Tuesday, 19 July 2011

Simple Tara Teradata Netbackup backup shell script - handles multiple Jobs

Here is a simple script to run Tara Teradata Netbackup backups.


In the example below, I am backing up 3 jobs in 2 batches as follows:

  • On its own
    • 2650_FullBackup_6Stream_4week_ret.arc
  • The following two in parallel
    • 2650_FullBackup_2Stream_4week_ret.arc
    • TD_5550_FULLBACKUP_4STR.arc

Run this from the command line like this:
/usr/local/bin/run_tara_job.ksh DEBUG=0 JOB_NAME=2650_FullBackup_6Stream_4week_ret.arc#:2650_FullBackup_2Stream_4week_ret.arc:TD_5550_FULLBACKUP_4STR.arc# >/var/misc/log/run_tara_job.log 2>&1


Or set up a cron job like this:
0 19 19 7 * /usr/local/bin/run_tara_job.ksh DEBUG=0 JOB_NAME=2650_FullBackup_6Stream_4week_ret.arc#:2650_FullBackup_2Stream_4week_ret.arc:TD_5550_FULLBACKUP_4STR.arc# >/var/misc/log/run_tara_job.log 2>&1

Note - you will need the Job Names from the Tara scripts (typically find these in /opt/teradata/tara/server/sr directory) or from the Tara GUI.


#!/bin/ksh -x
# Program: run_tara_job.ksh
# Description: Run Tara backup job.
# Parameters: JOB_NAME=
# Version: 0.1 gml 19-Jul-2011 Initial version


SEP=":"
SUBSEP="#"              # take care not to pick a delimiter that interferes with greps
DEBUG=0
eval $@


BKP_ROOT_DIR=/opt/teradata/tara/server/bin
TARA_BKP_PASSWD_FILE=/opt/teradata/tara/server/bin/tara.pwd


if [ -z "$JOB_NAME" ]
then
  echo "ERROR: No JOB_NAME arg.
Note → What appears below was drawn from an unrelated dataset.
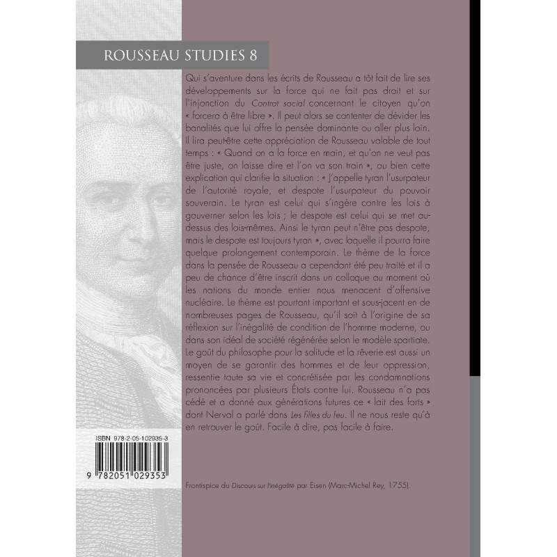 Qui s’aventure dans les écrits de Rousseau a tôt fait de lire ses développements sur la force qui ne fait pas droit et sur l’injonction du Contrat social concernant le citoyen qu’on « forcera à être libre ». Il peut alors se contenter de dévider les banalités que lui offre la pensée dominante ou aller plus loin. Il lira peut-être cette appréciation de Rousseau valable de tout temps : « Quand on a la force en main, et qu’on ne veut pas être juste, on laisse dire et l’on va son train », ou bien cette explication qui clarifie la situation : « J’appelle tyran l’usurpateur de l’autorité royale, et despote l’usurpateur du pouvoir souverain. Le tyran est celui qui s’ingère contre les lois à gouverner selon les lois ; le despote est celui qui se met au-dessus des lois-mêmes. Ainsi le tyran peut n’être pas despote, mais le despote est toujours tyran », avec laquelle il pourra faire quelque prolongement contemporain. Le thème de la force dans la pensée de Rousseau a cependant été peu traité et il a peu de chance d’être inscrit dans un colloque au moment où les nations du monde entier nous menacent d’offensive nucléaire. Le thème est pourtant important et sous-jacent en de nombreuses pages de Rousseau, qu’il soit à l’origine de sa réflexion sur l’inégalité de condition de l’homme moderne, ou dans son idéal de société régénérée selon le modèle spartiate. Le goût du philosophe pour la solitude et la rêverie est aussi un moyen de se garantir des hommes et de leur oppression, ressentie toute sa vie et concrétisée par les condamnations prononcées par plusieurs États contre lui. Rousseau n’a pas cédé et a donné aux générations futures ce « lait des forts » dont Nerval a parlé dans Les filles du feu. Il ne nous reste qu’à en retrouver le goût. Facile à dire, pas facile à faire.

It is mandatory"
  exit 1
fi


JOB_NAME=`echo $JOB_NAME | tr "$SEP" " "`




cd $BKP_ROOT_DIR


#exit 0


for JOB in `echo $JOB_NAME`
do
  WAIT_FLAG=`echo $JOB | grep -c "\${SUBSEP}"`
  if [ $WAIT_FLAG -gt 0 ]
  then
    JOB=`echo $JOB | tr -d "$SUBSEP"`
    echo $JOB
  fi
  echo "Starting job $JOB at `date`"
  # note -w will wait for tara job to complete fully
  if [ $DEBUG -eq 0 ]
  then
    ./taralaunch -u administrator -e $TARA_BKP_PASSWD_FILE -j $JOB -w &
  else
    echo "./taralaunch -u administrator -e $TARA_BKP_PASSWD_FILE -j $JOB -w" &
  fi
  if [ $WAIT_FLAG -gt 0 ]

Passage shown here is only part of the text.